Listeria monocytogenes use multiple mechanisms to disseminate from the intestinal lamina propria to the mesenteric lymph nodes

Abstract

Listeria monocytogenes are facultative intracellular bacterial pathogens that cause foodborne disease in humans. The bacteria can use the surface protein InlA to invade intestinal epithelial cells or transcytose across M cells in the gut, but it is not well understood how the bacteria traffic from the underlying lamina propria to the draining mesenteric lymph nodes (MLN). Previous studies indicated that L. monocytogenes associated with both monocytes and dendritic cells in the intestinal lamina propria.

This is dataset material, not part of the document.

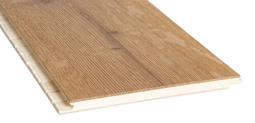 1-Stab Landhausdiele im 3-Schicht Aufbau, ca. 3 mm Nutzschicht Eiche, Mittellage 9 mm Pappel / Kiefer, Gegenzugfurnier 2 mm Pappel.
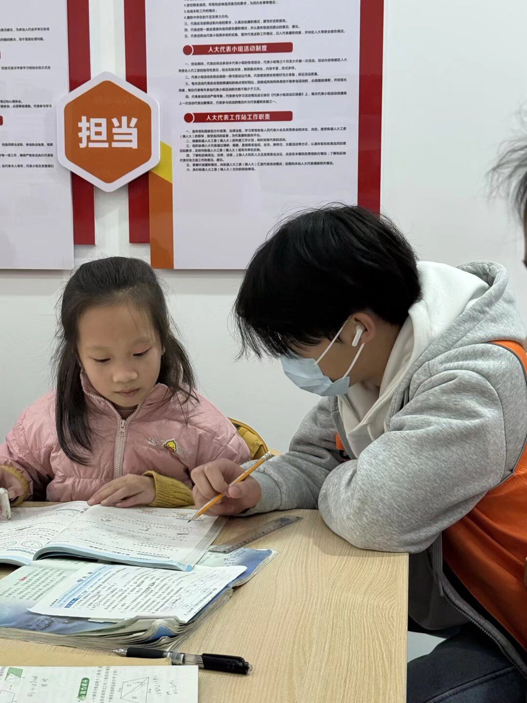 活动现场,身着橙色社服的志愿者们成为了最温暖的风景。他们俯下身子,耐心解答孩子们在作业中遇到的难题,仔细观察孩子们的解题思路,及时纠正误区,力争用最通俗易懂的语言让孩子们扫除知识盲点、学有所获。

We show here that CCR2^-/- mice had a significant reduction in Ly6C^hi monocytes in the MLN but no change in bacterial burden following foodborne infection; thus, dissemination of L. monocytogenes associated with monocytes is not required for colonization of the MLN. To block CCR7-mediated trafficking of dendritic cells from the lamina propria, we treated mice with anti-VEGFR3 antibody (clone AFL4) prior to and during infection but did not see a change in dendritic numbers in the MLN as had been previously reported with other anti-VEGFR3-specific antibodies. However, increasing the number of circulating dendritic cells by treating mice with rFlt3L resulted in a significant increase in L. monocytogenes in the lymph nodes that drain the small intestine and the spleen. Whole-mount fluorescent microscopy of lymphatic vessels following ligated loop infection revealed both free-floating L. monocytogenes and cell-associated bacteria within lymphatic vessels. Together, these results suggest that L. monocytogenes can use multiple, redundant mechanisms to disseminate from the gut tissue to the MLN.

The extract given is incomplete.